0

How do I build a regex pattern that searches over a text T and tries to find a search string S.

There are 2 requirements:

  1. S could be made of any character.
  2. S could be anywhere in the string but can't be part of a word.

I know that in order to escape special regex characters I put the search string between \Q and \E as such:

\EMySearch_String\Q

How do I prevent finding partial matching of S in T?

ben39
  • 2,427
  • 4
  • 20
  • 19
  • 1
    What do you mean by "can't be part of a word"? Does it mean it must be the whole word?
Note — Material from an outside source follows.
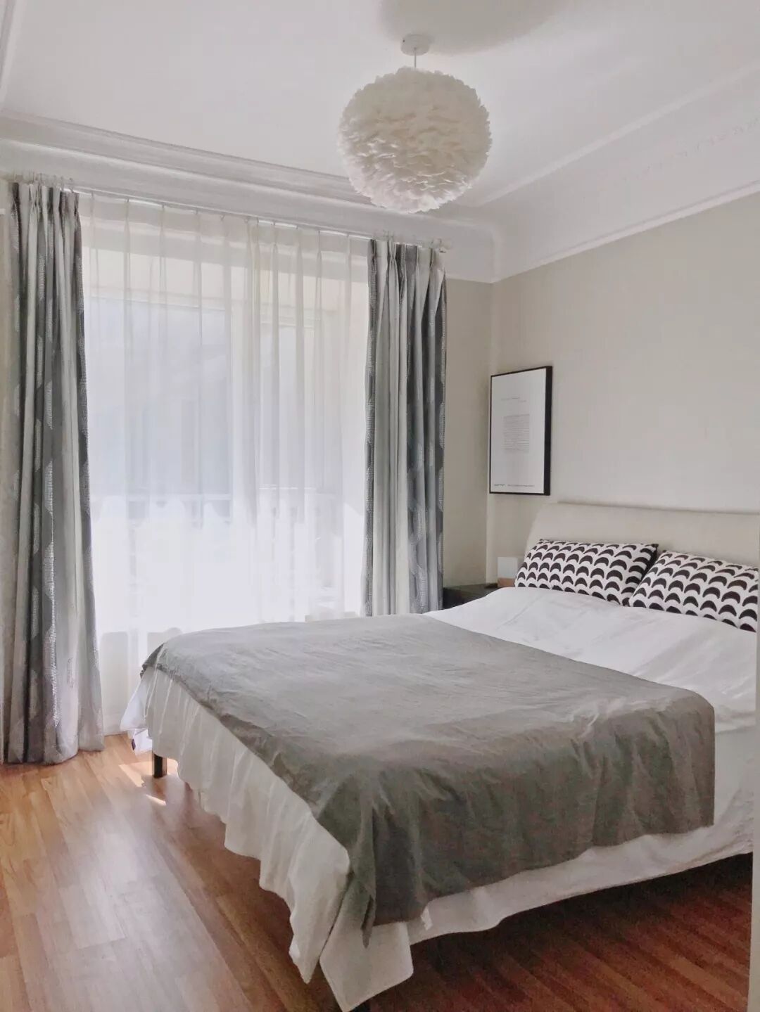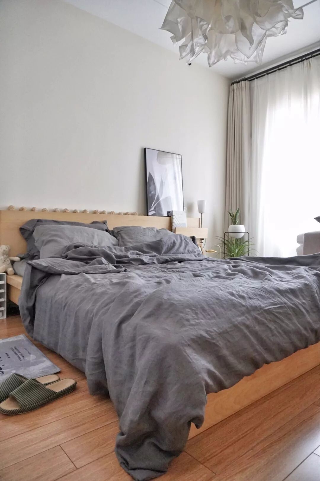 灰色系的木地板搭配灰色系的床品和白色的墙面,显得非常的素雅。
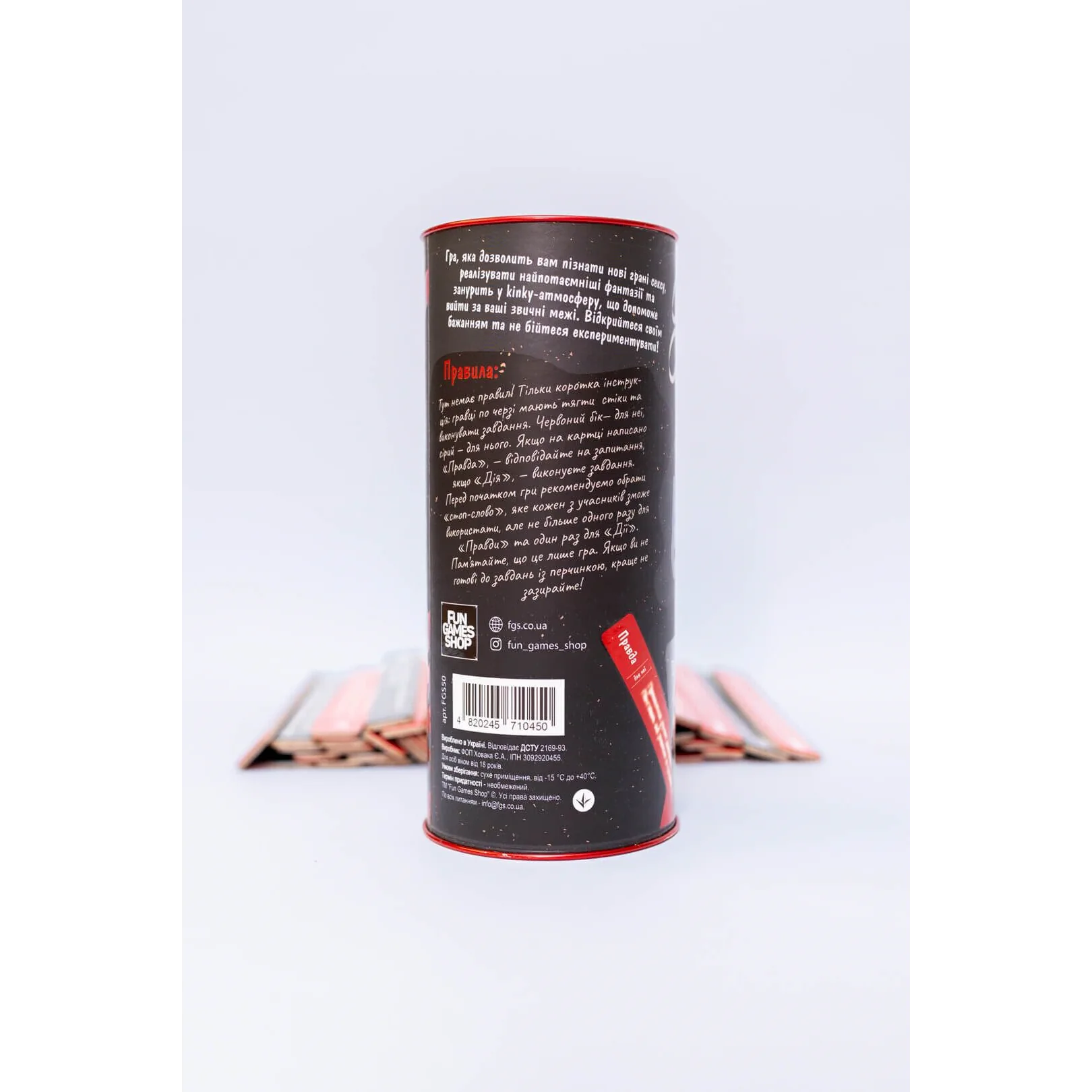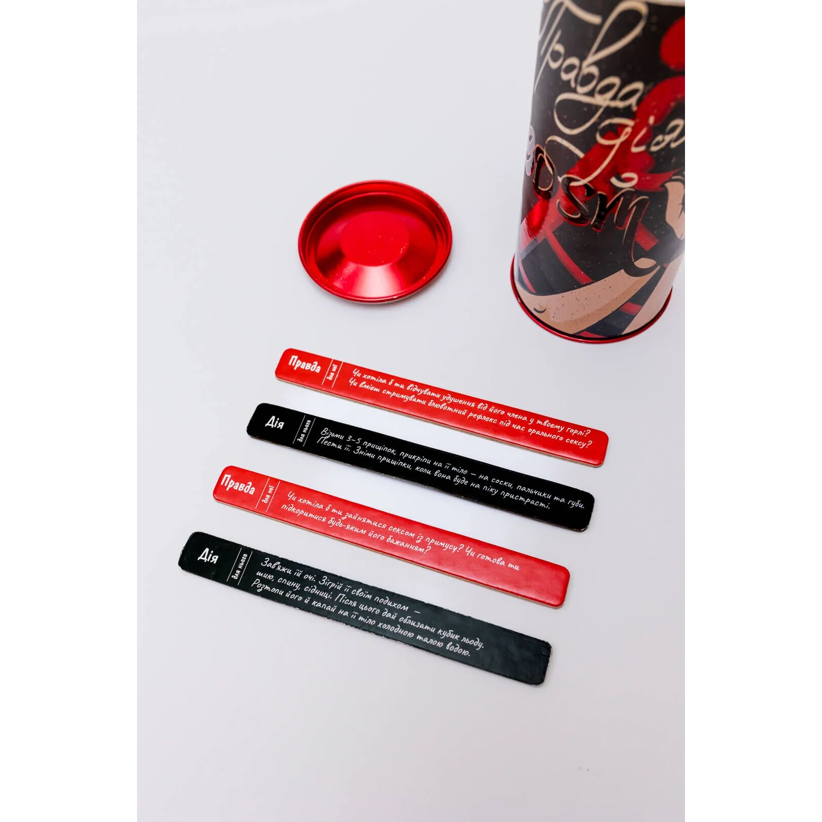 Коротко про правила: Тут немає правил! Тільки невелика інструкція: ви по черзі тягніть стіки. Червона сторона – завдання для неї, Сіра – завдання для нього. Якщо на стик написано «Правда» – відповідайте на питання, якщо «Дія» – приступайте до завдання. Перед початком гри рекомендуємо вибрати «стоп-слово», яке кожен з учасників може використовувати, але не більше одного разу для стіків «Правда» і «Дія». Пам'ятайте, це гра. Але якщо ви не готові, краще не дивіться під кришку!

Could you give some positive and negative examples? – walrii Jul 16 '12 at 04:25
  • 1
    Have you looked at the solution to this http://stackoverflow.com/questions/5091057/how-to-find-a-whole-word-in-a-string-in-java does that help you? – vcetinick Jul 16 '12 at 04:30
  • @vcetinick: `\\b` is no good here, since `S` could include any character. – Keppil Jul 16 '12 at 06:09

2 Answers2

1

You can do like this if
can't be part of a word
is interpreted as
preceded by start-of-string or space and followed by end-of-string or space:

String s = "3894$75\\/^()";
String text = "fdsfsd3894$75\\/^()dasdasd 22348 3894$75\\/^()";
Matcher m = Pattern.compile("(?<=^|\\s)\\Q" + s + "\\E(?=\\s|$)").matcher(text);
while (m.find()) {
    System.out.println("Found match! :'" + m.group() + "'");
}

This prints only one

Found match! :'3894$75/^()'

Keppil
  • 45,603
  • 8
  • 97
  • 119
0

I think what you're trying to find can be easily solved with lookaheads and lookbehinds. Take a look at this for a good explanation.

Then there's a bit of flip-flopping booleans, but you're looking ahead and behind for NOT Non-Space characters (\S). You don't want to look for space characters only because S might be at the start or end of the string. Like so:

(?<!\S)S(?!\S)
VolatileRig
  • 2,727
  • 6
  • 32
  • 44